The system as I understand it has 0-10volt channels, I can use this as an "on wall" volume controller, also there are relay out controls (at 5 volt) so I'm thinking of turning off/on the power amps with SSR's I intend to station the amp's some distance away (in the shed) to avoid fan noise and bulk, when a zone isn't being used it times out and switches off.
Going back to the TV decoder, when the volume is unmuted or raised the system wakes up opens the channels, the relay turns on the amp and out the sound comes turning on the VP on the way.. this will cost maybe 2 or 3 seconds of startup time but the sound will be pumping by the time the video is on the screen.

My family know how to turn lights on but none of them have figured how to turn them off, I have installed IR sensors that automatically turn the lights on & off, this sensing system can also be used for other things, i.e if there's no-one in a zone it times out and shuts down.

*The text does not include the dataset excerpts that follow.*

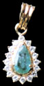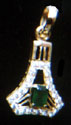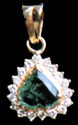A pendant centering on a modified rectangular emerald weighing 0.55 cts, surrounded artistically by round diamonds weighing 0.39 cts, mounted in 18K gold.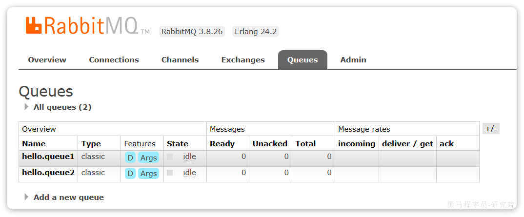 再以相同的方式,创建一个队列,密码为hello.queue2,最终队列列表如下: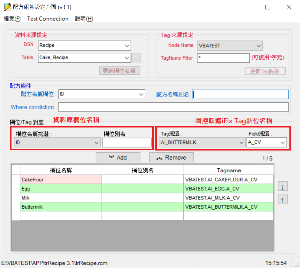 產品特色- 設定簡易,僅需於配方管理介面設定點位與關聯式資料庫欄位對應表,就能針對生產需求批次管理配方內容。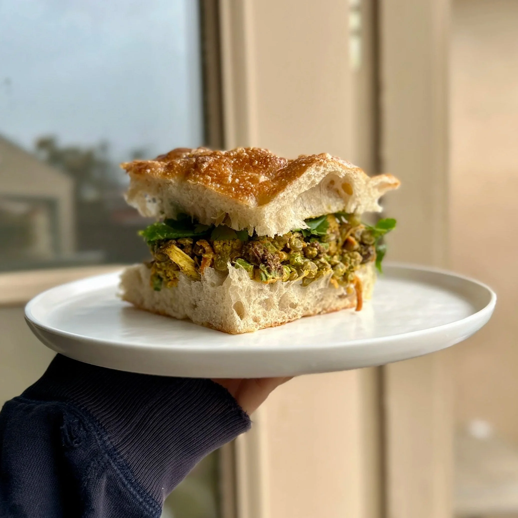 A vegan sandwich with a curried cauliflower salad, containing warm spices, hearty lentils, roasted cauliflower, shredded carrots, and spicy jalapeños. Served on our focaccia bread. Available at AKB only.

I love the idea of a DJ desk in the party room someone always takes the lead and is the DJ for a while, at least till the mood changes, I always say "everyone else does content",,, "I just do tech.." it gets me off the hook of being the techie controller and gets others involved.
I do a lot of corporate work, so serve up dross time and time again,, it's irrelevant to me if it's good or bad pic's or sound...
Just the quality has to be high

I'll keep you posted as this develops, Regards Stephen


----------



## peterselby7

Chester said:


> I use a program that is available on the crown site, called IQ for Windows. You do need to use a serial cable to connect in and program things however once it is configured it runs as a standalone system. You can make 32 presets that can be selected from the front panel (however I always "lock" the front panel so my family does not mess things up )
> 
> Addition: I also use REW (I figure that would be assumed but you never know...) to generate the responses and figure out what filters to apply... It is important to remember (also) that the parametric eq filters generated by REW use a different method for determining the Q, so you will need to use a conversion I figured out here: http://www.hometheatershack.com/forums/rew-forum/22185-parametric-peaking-eq-variations.html#post199725... use Excel or something like that to figure out all the filters at once
> 
> Here are the measured and predicted graphs of the 8 channels I EQ with one my USM-810's, there are also 7 other parametric eq's per channel that represent the equal loudness curve at 80 phons (basically a really accurate "Loudness" button), each channel has anywhere from 5 to 8 parametric eq's that are fixing that channel too. There are also two subwoofers being crossed over by the USM-810...


Interesting, so how much does it cost? Sorry if I may have missed you quoting the price earlier.


----------



## Chester

depends, they can be found used on CL and ebay sometimes, i got mine for ~$300


----------